### What this task involves
Transcribe each entry below exactly. Pictures do not go in the copy.

### Listed entries
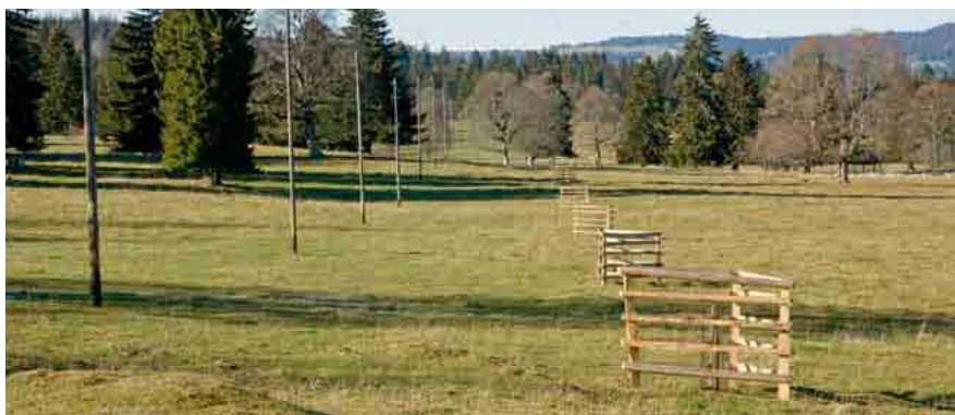
Plantation d'une rangée d'arbres aux Prés-de-Cortébert

Ce projet a été rendu possible grâce à la Fondation pour la protection et l'aménagement du paysage (FP), qui apporte son soutien au Parc sur l'ensemble de la démarche. Elle a pu appuyer le déblocage de fonds auprès de bailleurs, notamment le FSP (fonds suisse pour le paysage).
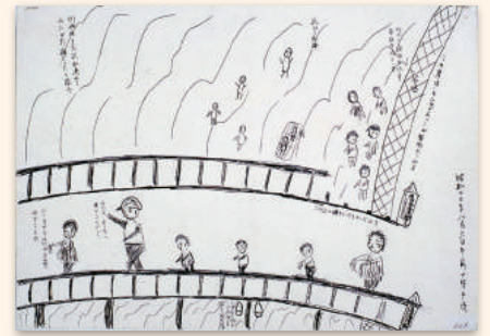
『市民が描いた原爆の絵』(比治山橋) 落合フミコ／画 広島平和記念資料館／提供
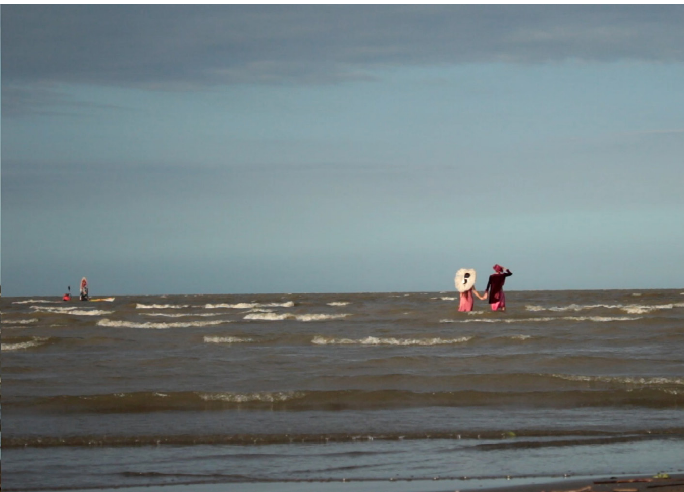
▲ Figura 7. Acción en el río en TODO Performance

Nota. Fuente. Colección personal Laura Valencia.
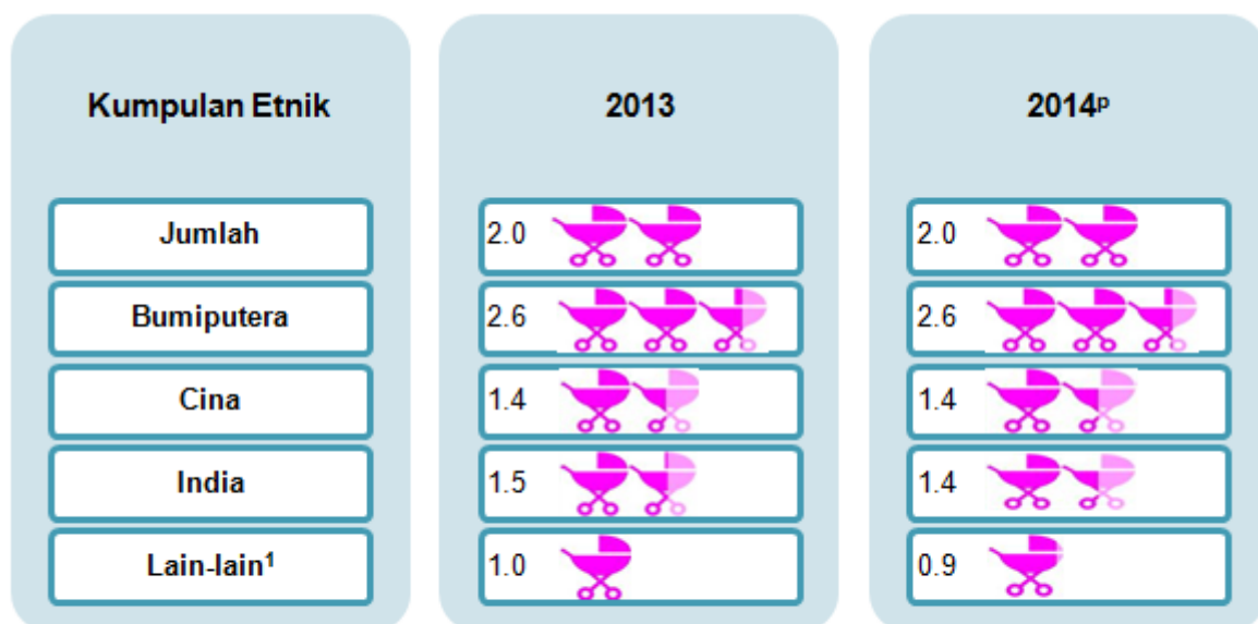
Carta 1: Kadar kesuburan jumlah mengikut kumpulan etnik, Malaysia, 2013 dan 2014 P

Analisis menunjukkan kadar kesuburan jumlah berada di bawah paras penggantian iaitu tidak berubah pada kadar 2.0 bagi setiap perempuan berumur 15–49 tahun dari 2013 ke 2014. Kadar kesuburan menunjukkan penurunan bagi etnik India dan Lain-lain manakala etnik Bumiputera dan Cina tidak berubah pada kadar 2.6 dan 1.4 dalam tempoh yang sama. Pada 2014, kadar kesuburan bagi etnik Bumiputera adalah 2.6 bagi setiap perempuan berumur 15–49 tahun, di atas paras penggantian. Ini bererti purata 2.6 bayi dilahirkan bagi setiap wanita Bumiputera yang dalam lingkungan umur reproduktifnya (15–49 tahun). Sebaliknya, kadar kesuburan bagi etnik Cina dan India adalah sama iaitu pada kadar 1.4 dan Lain-lain pada kadar 0.9 bagi setiap perempuan berumur 15–49 tahun, di bawah paras penggantian (Carta 1).
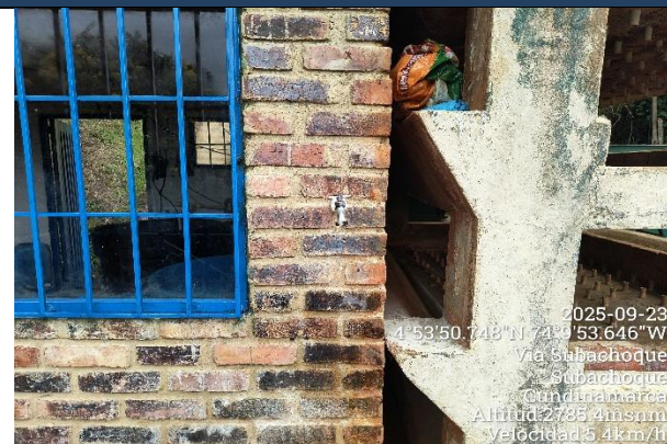
IMAGEN 5. PUNTO DE MONITOREO
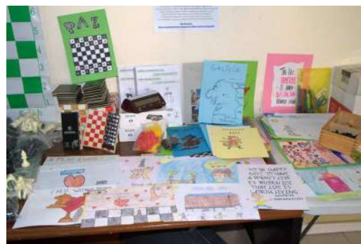
Trabajos de alumnado de Pontevedra
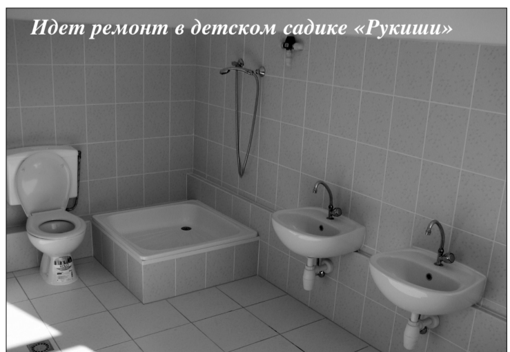
Идет ремонт в детском садике «Рукиши»

### Answer section
Plantation d'une rangée d'arbres aux Prés-de-Cortébert

Ce projet a été rendu possible grâce à la Fondation pour la protection et l'aménagement du paysage (FP), qui apporte son soutien au Parc sur l'ensemble de la démarche. Elle a pu appuyer le déblocage de fonds auprès de bailleurs, notamment le FSP (fonds suisse pour le paysage).
『市民が描いた原爆の絵』(比治山橋) 落合フミコ／画 広島平和記念資料館／提供
▲ Figura 7. Acción en el río en TODO Performance

Nota. Fuente. Colección personal Laura Valencia.
Carta 1: Kadar kesuburan jumlah mengikut kumpulan etnik, Malaysia, 2013 dan 2014 P

Analisis menunjukkan kadar kesuburan jumlah berada di bawah paras penggantian iaitu tidak berubah pada kadar 2.0 bagi setiap perempuan berumur 15–49 tahun dari 2013 ke 2014. Kadar kesuburan menunjukkan penurunan bagi etnik India dan Lain-lain manakala etnik Bumiputera dan Cina tidak berubah pada kadar 2.6 dan 1.4 dalam tempoh yang sama. Pada 2014, kadar kesuburan bagi etnik Bumiputera adalah 2.6 bagi setiap perempuan berumur 15–49 tahun, di atas paras penggantian. Ini bererti purata 2.6 bayi dilahirkan bagi setiap wanita Bumiputera yang dalam lingkungan umur reproduktifnya (15–49 tahun). Sebaliknya, kadar kesuburan bagi etnik Cina dan India adalah sama iaitu pada kadar 1.4 dan Lain-lain pada kadar 0.9 bagi setiap perempuan berumur 15–49 tahun, di bawah paras penggantian (Carta 1).
IMAGEN 5. PUNTO DE MONITOREO
Trabajos de alumnado de Pontevedra
Идет ремонт в детском садике «Рукиши»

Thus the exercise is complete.